Far West Temple cornerstone in 1963.
The Far West Temple Lot southeast cornerstone, ca. 1996. Glass enclosures were added over each cornerstone to protect them.
The Missouri "State Legislature decreed that Caldwell County should be carved from Ray County and set aside as an area where only Mormons could live.
A few stones were hauled to the site. Today, these stones and a giant depression in the ground are all that. remain of the early town of Far West. For events quickly ended the work.
Removal of the Mormons to county of their own had not ended tensions with the gentiles, as the Mormons called non-Mormons. Members charged the gentiles were envious of the rapid progress they had made developing the town and farms nearby. The gentiles said the Mormons were stealing their horses and cattle under a "divine revelation" which gave all property to members of the new sect." [William E. Dye, "Far West. . . Embattled Mormons," Kansas City Times (Thursday, 19 September 1963).]

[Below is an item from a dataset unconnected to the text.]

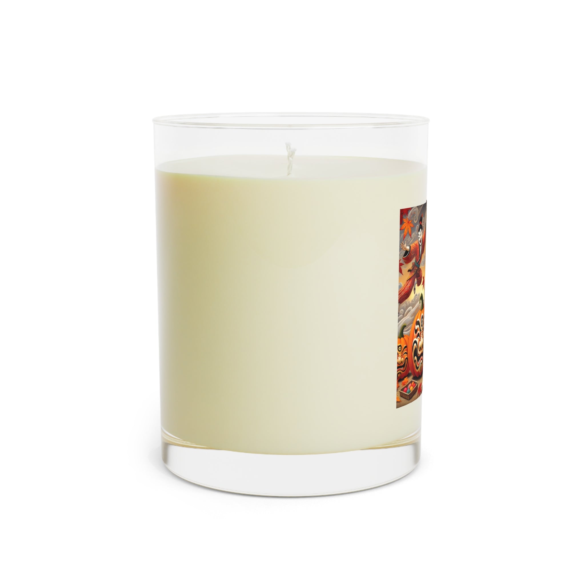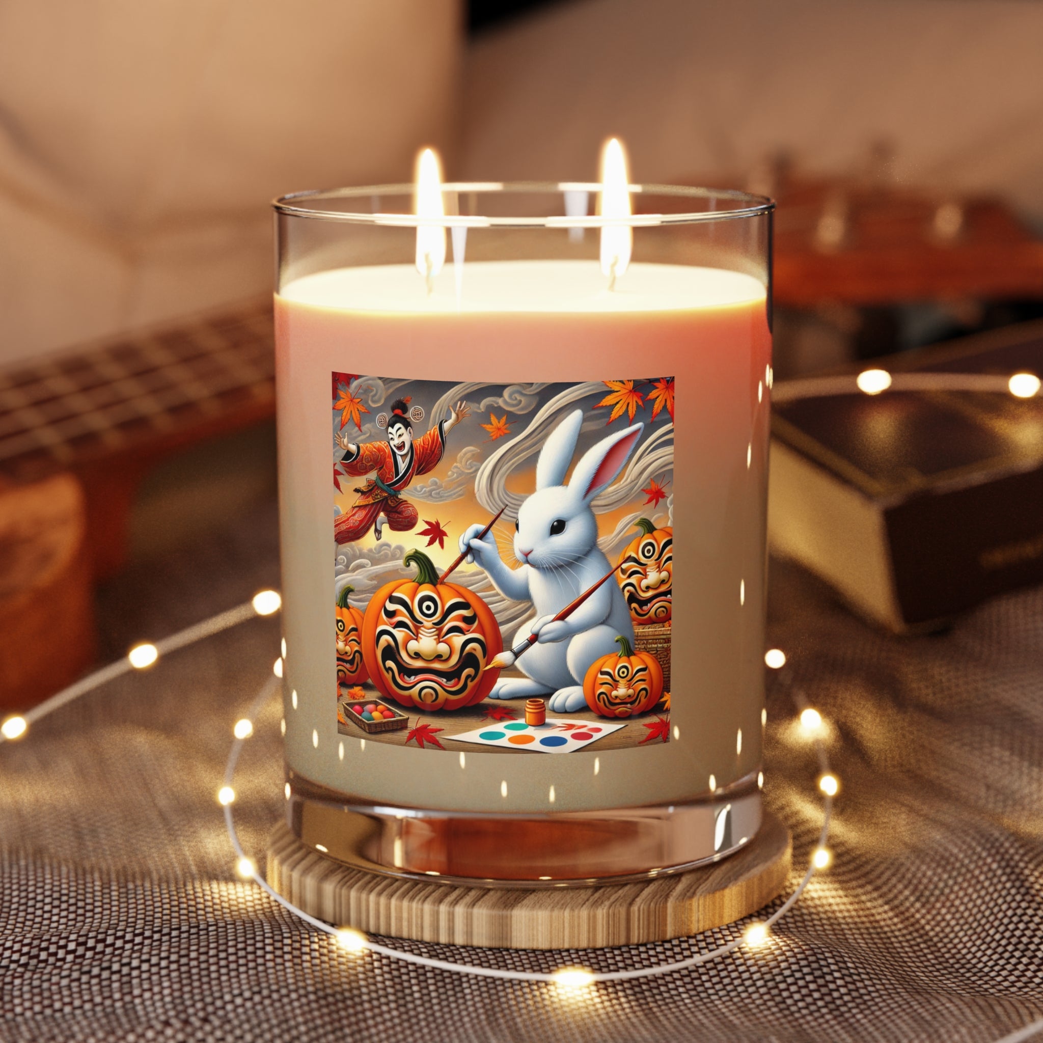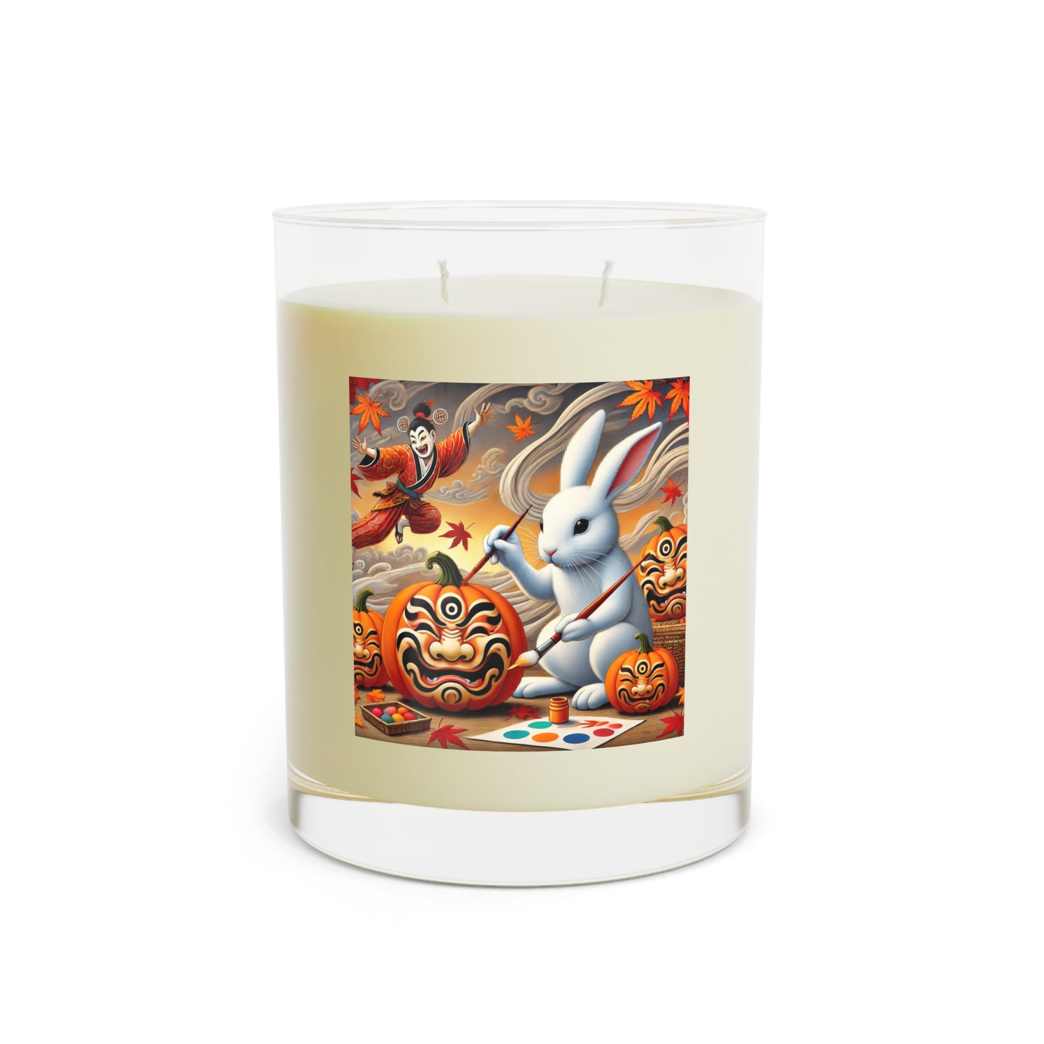 The candle features Halloween Rabbit’s Kabuki Jack-o’-Lanterns, a whimsical scene of a playful rabbit painting pumpkins with bold Kabuki mask faces. The design merges Japanese theatrical drama with the magic of Halloween, turning an ordinary candle into a unique piece of seasonal art that fills your space with both fragrance and imagination.

After the Mormons were forced to leave the State of Missouri in 1838-1839, Far West reverted to farmland. First John Whitmer and his family owned much of the surrounding property. Later RLDS members began to return and purchase farms in the area. In recent years, farmers sold out and the the LDS Church gradually came into the possession of much of the land. Development of the Temple area as a historical site begain in the 1970s. An impressive marker was installed and the Temple Site was fenced. Many travelers visit the area today.